SOURCE RECORDS ▸

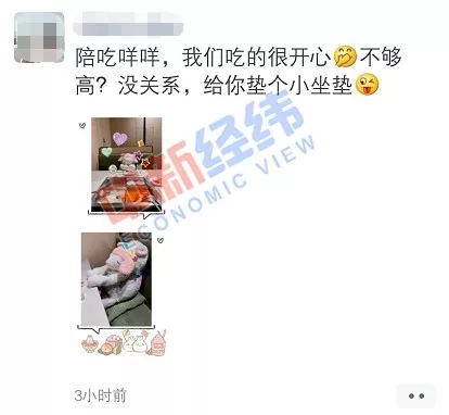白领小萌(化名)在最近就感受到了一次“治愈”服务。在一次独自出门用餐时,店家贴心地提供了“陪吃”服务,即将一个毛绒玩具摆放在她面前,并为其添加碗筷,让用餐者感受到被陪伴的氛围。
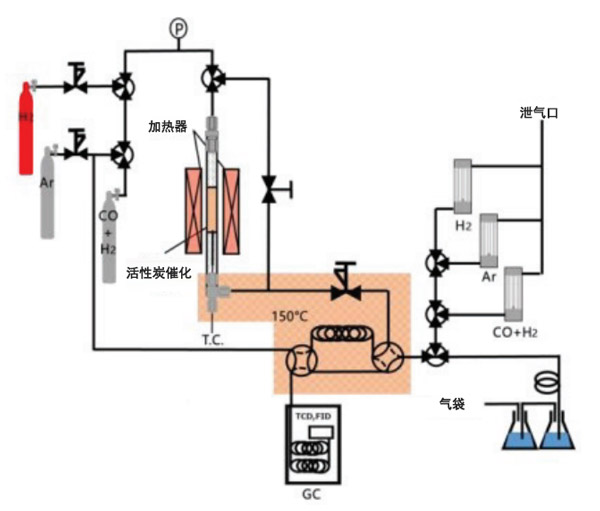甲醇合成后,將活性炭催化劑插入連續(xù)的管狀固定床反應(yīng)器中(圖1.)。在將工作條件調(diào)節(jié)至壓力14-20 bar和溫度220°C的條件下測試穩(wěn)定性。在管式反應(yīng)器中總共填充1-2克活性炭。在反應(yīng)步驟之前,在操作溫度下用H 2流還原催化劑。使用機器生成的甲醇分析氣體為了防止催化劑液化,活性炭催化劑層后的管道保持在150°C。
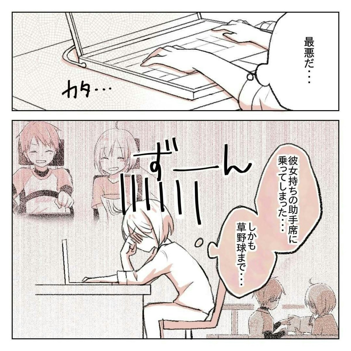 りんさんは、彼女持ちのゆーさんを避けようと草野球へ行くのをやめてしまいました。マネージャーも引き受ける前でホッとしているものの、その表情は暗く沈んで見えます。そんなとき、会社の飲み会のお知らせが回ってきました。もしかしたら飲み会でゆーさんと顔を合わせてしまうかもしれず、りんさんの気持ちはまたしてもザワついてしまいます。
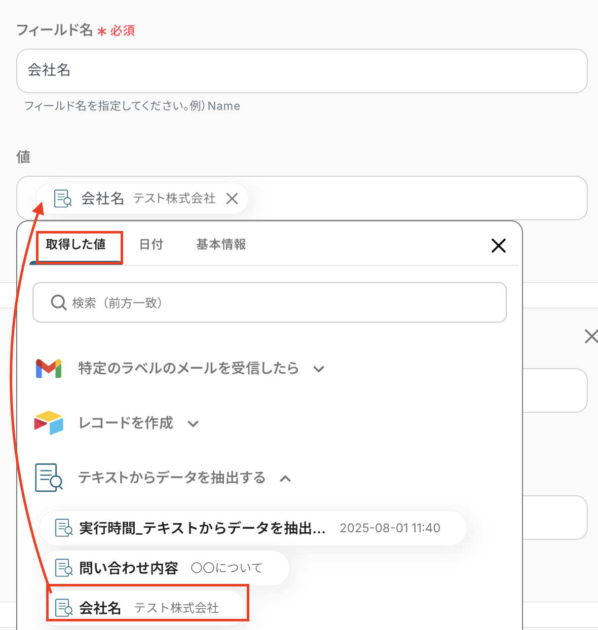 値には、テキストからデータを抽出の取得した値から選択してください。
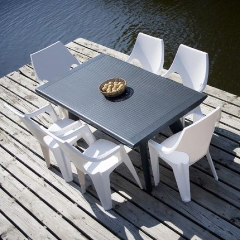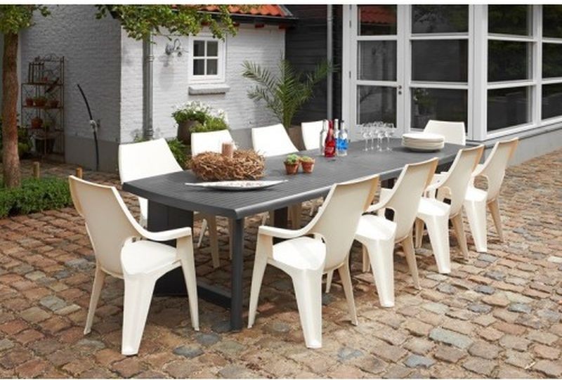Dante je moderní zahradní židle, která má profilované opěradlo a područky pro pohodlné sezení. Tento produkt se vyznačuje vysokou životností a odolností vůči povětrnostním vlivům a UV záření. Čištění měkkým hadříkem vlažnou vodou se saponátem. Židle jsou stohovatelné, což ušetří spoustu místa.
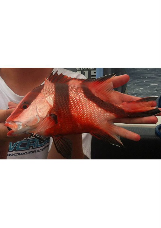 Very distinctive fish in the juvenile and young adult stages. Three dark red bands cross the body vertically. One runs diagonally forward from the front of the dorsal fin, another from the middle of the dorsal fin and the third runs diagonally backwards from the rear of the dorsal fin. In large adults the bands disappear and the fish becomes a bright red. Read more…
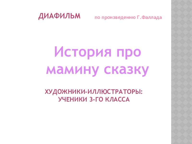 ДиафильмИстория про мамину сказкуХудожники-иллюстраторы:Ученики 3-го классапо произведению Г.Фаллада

EXERCISE INSTRUCTIONS ▸ When you write out the material above, keep every line exact and drop each picture.

SOLUTION ▸
白领小萌(化名)在最近就感受到了一次“治愈”服务。在一次独自出门用餐时,店家贴心地提供了“陪吃”服务,即将一个毛绒玩具摆放在她面前,并为其添加碗筷,让用餐者感受到被陪伴的氛围。
甲醇合成后,將活性炭催化劑插入連續(xù)的管狀固定床反應(yīng)器中(圖1.)。在將工作條件調(diào)節(jié)至壓力14-20 bar和溫度220°C的條件下測試穩(wěn)定性。在管式反應(yīng)器中總共填充1-2克活性炭。在反應(yīng)步驟之前,在操作溫度下用H 2流還原催化劑。使用機器生成的甲醇分析氣體為了防止催化劑液化,活性炭催化劑層后的管道保持在150°C。
 りんさんは、彼女持ちのゆーさんを避けようと草野球へ行くのをやめてしまいました。マネージャーも引き受ける前でホッとしているものの、その表情は暗く沈んで見えます。そんなとき、会社の飲み会のお知らせが回ってきました。もしかしたら飲み会でゆーさんと顔を合わせてしまうかもしれず、りんさんの気持ちはまたしてもザワついてしまいます。
 値には、テキストからデータを抽出の取得した値から選択してください。
Dante je moderní zahradní židle, která má profilované opěradlo a područky pro pohodlné sezení. Tento produkt se vyznačuje vysokou životností a odolností vůči povětrnostním vlivům a UV záření. Čištění měkkým hadříkem vlažnou vodou se saponátem. Židle jsou stohovatelné, což ušetří spoustu místa.
 Very distinctive fish in the juvenile and young adult stages. Three dark red bands cross the body vertically. One runs diagonally forward from the front of the dorsal fin, another from the middle of the dorsal fin and the third runs diagonally backwards from the rear of the dorsal fin. In large adults the bands disappear and the fish becomes a bright red. Read more…
 ДиафильмИстория про мамину сказкуХудожники-иллюстраторы:Ученики 3-го классапо произведению Г.Фаллада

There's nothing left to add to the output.